The code for curve25519 and curve448 has been using powering to invert for a long time. I've now spent some time writing specific powering code for the five secp curves as well. I've found fairly efficient addition chains where powering for a prime of n bits needs n-1 squarings and about a dozen multiplies. (I don't know what the *optimal* addition chains are, if you know of tools for that, let me know).
Code is on the branch optimize-ecc-invert. However, there's some risk the new code is slower on some platforms, in particular platforms with slow multiplication.
The main benchmark is
./examples/hogweed-benchmark ecdsa
To get numbers for just the changed function, one can run
./examples-ecc-benchmark
and look at the modinv column. Please compare performance between this branch and master, on the platforms that are important to you.
And to get relevant numbers, make sure to build using a recent GMP library; performance when built with mini-gmp is not so important.
I will merge these changes to master in a week or two, if no problems show up
I've benchmarked on one recent and one older x86_64 machine, and on raspberry-pi version 1 (the slowest ARM machine I had easy access to). I've seen improvements in ecdsa signing performance for all the secp curves, ranging from 5% up to 20% depending on curve and platform.
Not all inversions are rewritten. I haven't changed the modq inversion which is needed for ecdsa, and I haven't changed the code for the two supported gost curves.
Regards, /Niels
nisse@lysator.liu.se (Niels Möller) writes:
The code for curve25519 and curve448 has been using powering to invert for a long time. I've now spent some time writing specific powering code for the five secp curves as well.

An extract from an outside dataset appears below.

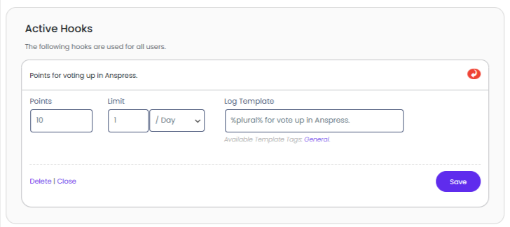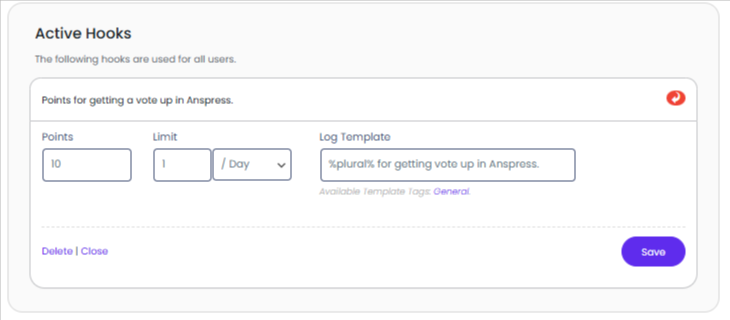 - This hook will award points to the user that has voted up a question or answer only.

I've found fairly efficient addition chains where powering for a prime of n bits needs n-1 squarings and about a dozen multiplies. (I don't know what the *optimal* addition chains are, if you know of tools for that, let me know).
[...]
I will merge these changes to master in a week or two, if no problems show up
Before doing this merge, I've made some changes to the modulo p reduce functions (mod and redc, with both C and assembly implementations). They can now store the final result at a different location than the clobbered input area. Then, the ecc_mod_mul and ecc_mod_sqr functions are also changed to have separates result area, different from the (larger) scratch area. This makes the allocation puzzle when using the ecc_mod_* functions a lot simpler, resulting in reduced scratch need for lots of functions, and elimination of a few copy operations.
Merging those changes is now on the master-updates branch. When this is in, the new code on the optimize-ecc-invert branch can likely be simplified a bit before merging.